8:15 Perinatal Loss: First You Care

8:50 Break

9:00 Mindfulness

10:00 Professional Tools for Compassionate Caring

10:45 We Remember: Parent Panel

11:45 Lunch

12:30 What Makes the Discussion Difficult

1:15-1:30 Travel to the Sim Lab- 1 Jelke

1:30 Scenarios / Break out sessions / Scenarios Debrief

3:30: Final Debrief

So, the above is the agenda for a workshop I was asked to attend as a member of the Parent Panel (with a lovely introduction and nametag as “Caitlin, Anderson’s Mom.” The workshop was for nurses, chaplains, social workers, etc. who work on Labor & Delivery or in the NICU, and it was all about providing comprehensive care for families who are experiencing the loss (or imminent loss) of a baby, no matter what gestational age (or actual age, for NICU babies). For the workshop participants, the day included as well meetings with professional bereavement photographers from NILMDTS. I was so excited as well to arrive in time for the session before mine, in which my favorite chaplain discussed compassionate ways to involve a full care team (one important point: Never say “Would you like to see the chaplain?” because that (a) assumes a religiosity that a parent might not wish foisted upon them and (b) scares the parents into thinking a chaplain must come imminently because their child is dying now.

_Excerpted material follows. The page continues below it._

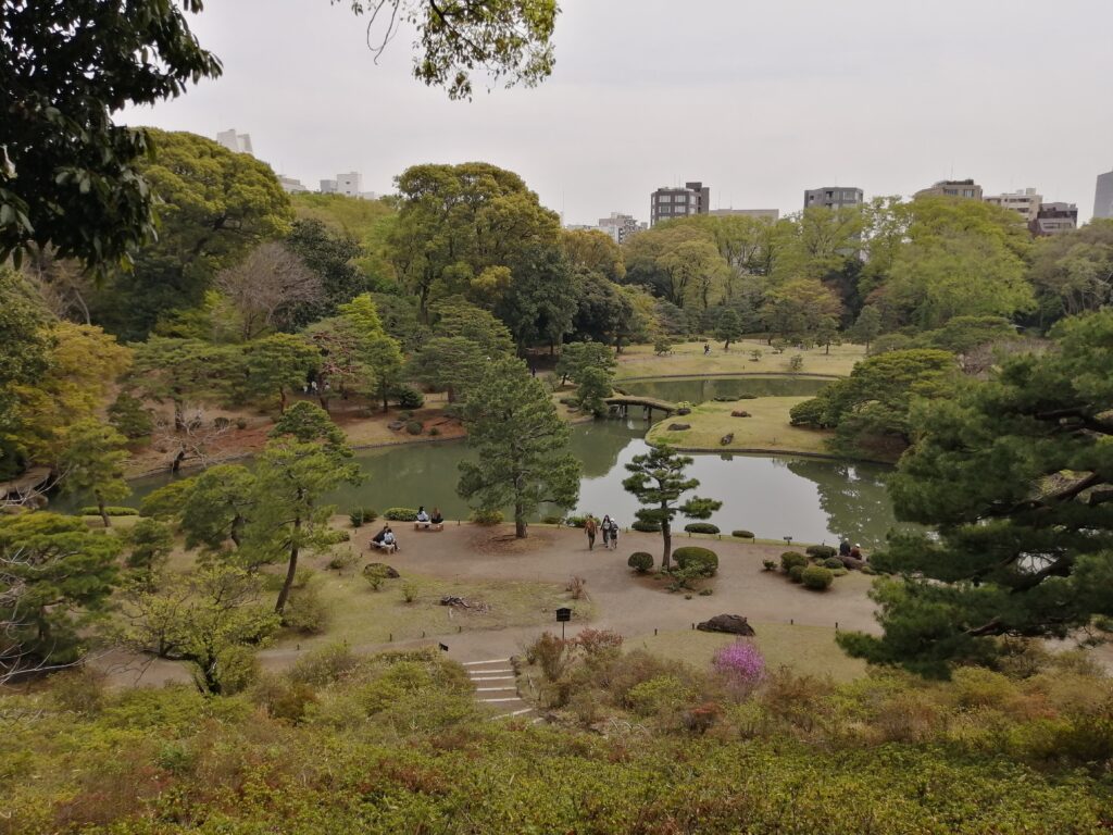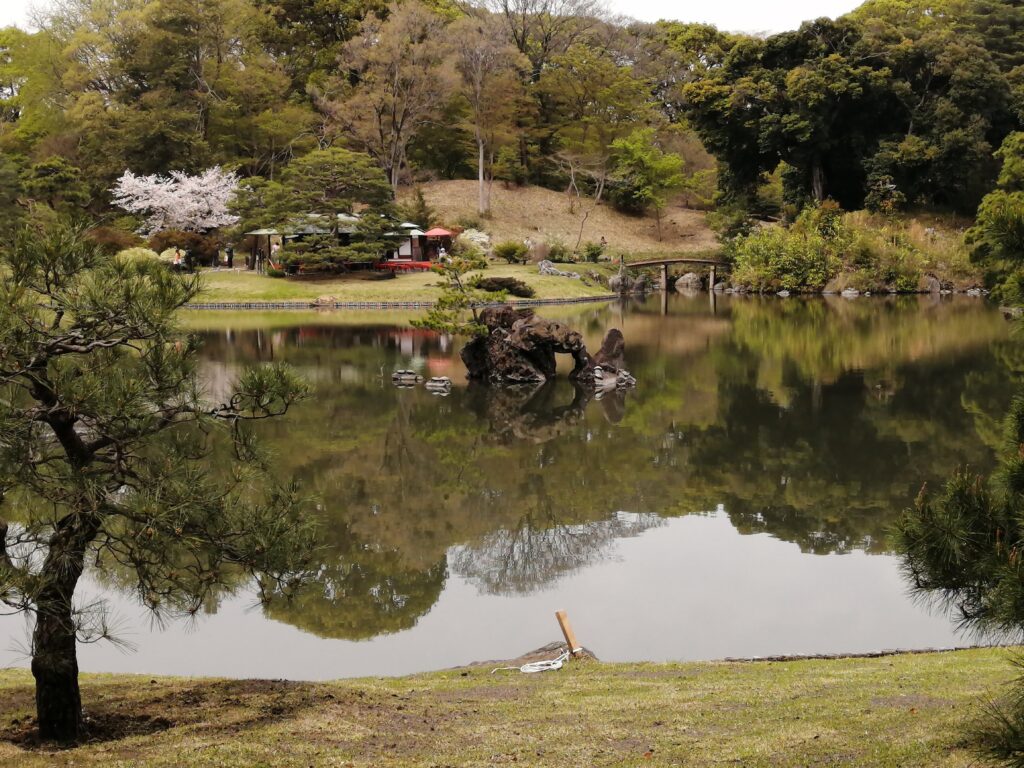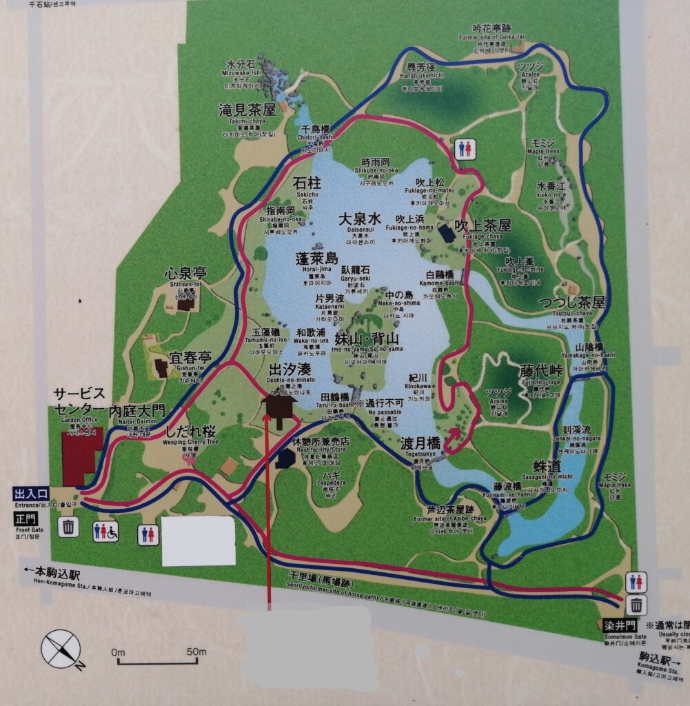 今回は、右下の染井門から千里場を通って左側の内庭大門に向かい、そこから時計回りで池の周りを散策してきます。

Instead say “Our care team includes many people, including a chaplain and social worker, who will both be stopping by today to see if they can be of assistance.” This way bereaved parents won’t have to struggle with making a choice, and will understand this is the “usual” standard of care that they can choose to accept or not).

Then it was our turn, we bereaved parents (well, all moms, in this case). It was so great, as it always is, to tell Anderson’s story. I was glad too because I was the only parent panelist to have such a comprehensive experience of the care at my hospital- Maternal/Fetal Medicine, L&D, NICU – and the nurses in those divisions were the ones in the audience. The other mothers only experienced L&D, so I was glad to have such insight. I got to say everything I wanted to say, and the very, very best part was that I knew some of the participants and it was so good to see them. Our favorite chaplain, and my favorite L&D nurse. And the best was one of the NICU nurses, who came up to me afterwards and said, “You don’t know me, but I was one of Anderson’s night nurses. I had him after his PDA ligation surgery, and I remember him. We talk about him frequently. He made a big impact, and he isn’t forgotten.” So definitely the best part of my day! Another nurse came up to note that she became a NICU nurse after the death of her own baby in the NICU. It all just helped me remember how much our babies inspire us and others every day. I’m so glad I was able to participate!